The Blu-ray: Vital Disc Stats
'Touchy Feely' is another terrific release from Magnolia Home Entertainment. The disc is a single 50GB Blu-ray that is loaded with special features and is packaged in an eco keepcase. There are a handful of previews before the top menu, but they can be skipped to get right to the feature.
With its 1080p AVC/MPEG-4 encoded transfer 'Touchy Feely' does a fine job in presenting its characters and setting (Seattle) with a nice amount of fine detail that renders faces and complexions lifelike, while the environment is alive with clear and distinct background elements that generate a tremendous amount of depth. Color is also very important here, as the verdant hues normally associated with the Emerald City are on full display in several shots, giving the movie a very distinct look that somehow makes it feel far more authentic. For some reason or another, Shelton made many of the areas in the city look like they were part of a period film, resulting in some strange, but enjoyable visual anachronisms that the image here does a wonderful job of bringing out.
Most of the time, the image has a very high level of contrast, resulting in full-bodied blacks and deep shadows with a clean delineation that's free from banding or other issues of that kind. The image handles Seattle's often-cloudy sky well; there's no sense that the picture is trying to accommodate for a lack of bright, natural light in any way, which furthers the authentic look of the movie.

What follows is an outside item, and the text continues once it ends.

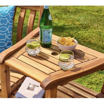 Redcliffe Acacia Wood Companion Set — классический комплект для отдыха на улице из прочного акациевого дерева (acacia hardwood). Комплект включает 1 набор с двумя связанными креслами и центральным столиком. Размеры: ширина 1790 мм × глубина 860 мм × высота 880 мм; Вес: 29 кг; Гарантия: 3 года.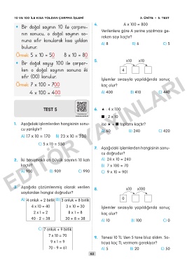 10 VE 100 İLE KISA YOLDAN ÇARPMA İŞLEMİ 3. ÜNİTE – 5. TEST

Aside from a few instances where the image goes a little soft, or doesn't quite match the clarity of other scenes, 'Touchy Feely' comes with a very nice high-definition image.

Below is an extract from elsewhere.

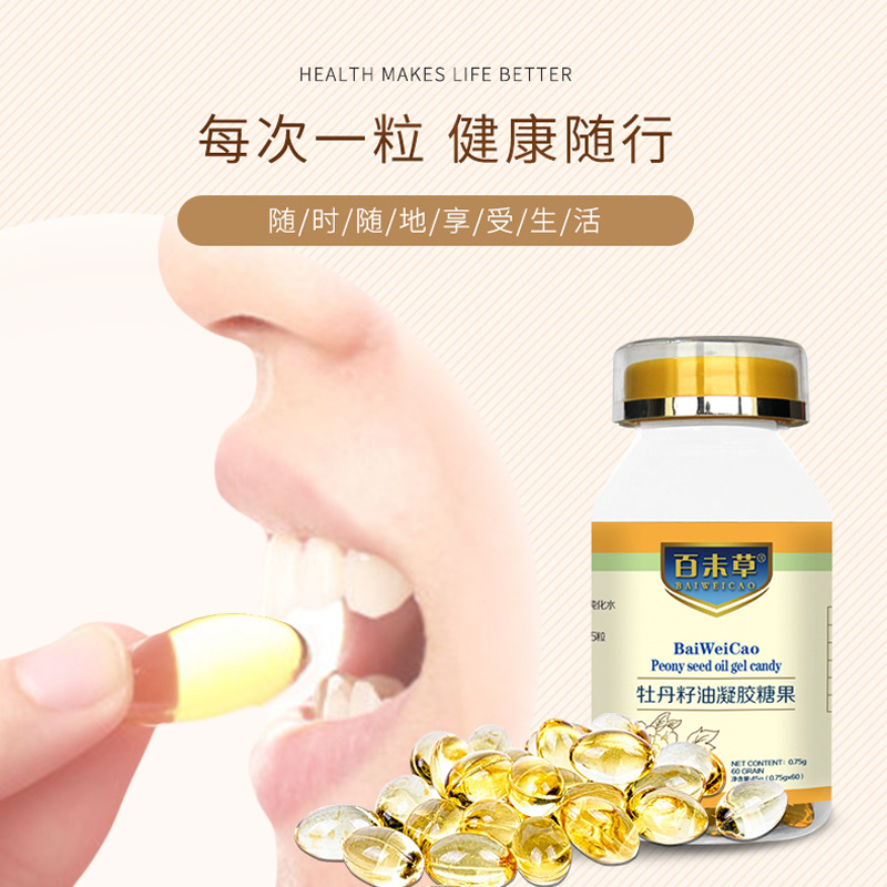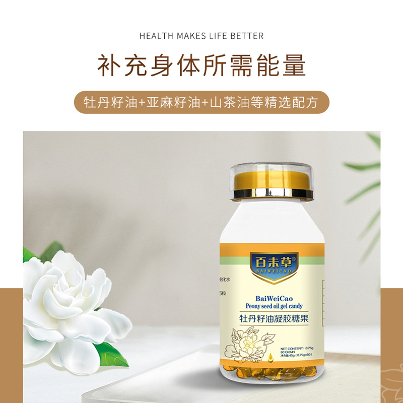 亞麻酸牡丹籽油凝膠糖果oem60粒裝貼牌

'Touchy Feely' has been given a robust DTS-HD Master Audio 5.1 mix that handles the unexcited, relaxed dialogue of the actors as well as it handles the original score by Vinny Smith. The dialogue is generally pushed through the center channels speakers, but there are times when it will emerge through one of the front channels, or even the rear, if the scene calls for it. There is a nice moment when Henry is singing, and the imaging in this scene is tremendous: Henry's vocals are heard in all the speakers, depending on the angle of the camera.
For the most part, though, that's about as technical as this otherwise basic mix gets. Dialogue obviously plays an important part, and so that is given the majority of the mix's attention most of the time. There are some decent atmospheric effects that help to deliver a sense of place, in a mostly urban setting. There is one scene where Paul wanders into a club, and the music sounds a tad muffled, which is disappointing, considering what the mix was able to deliver when it came to Henry's vocals and the film's score, but that's probably the only place the mix sounded like it was off slightly.
Otherwise, the audio here is strong and well balanced, delivering a film that's easy to listen to, and even has a few surprises up its sleeve.
'Touch Feely' doesn't quite achieve that level of completeness that either of Shelton's other films ('Humpday' and 'Your Sister's Sister') seemed to have going for them. There is an obvious effort on her part to make the film feel as grounded and real as possible, and to generate an interesting juxtaposition with the seemingly unexplained phenomena surrounding the characters. Unfortunately, in that attempt, the movie winds up becoming unbalanced, and the majority of the focus in given to one aspect, leaving the film feeling a little unresolved. Still, if you're a fan of Shelton's previous work, you'll likely find something here to enjoy as well – just not as much of it. With a nice picture and great sound, this one is worth a rental.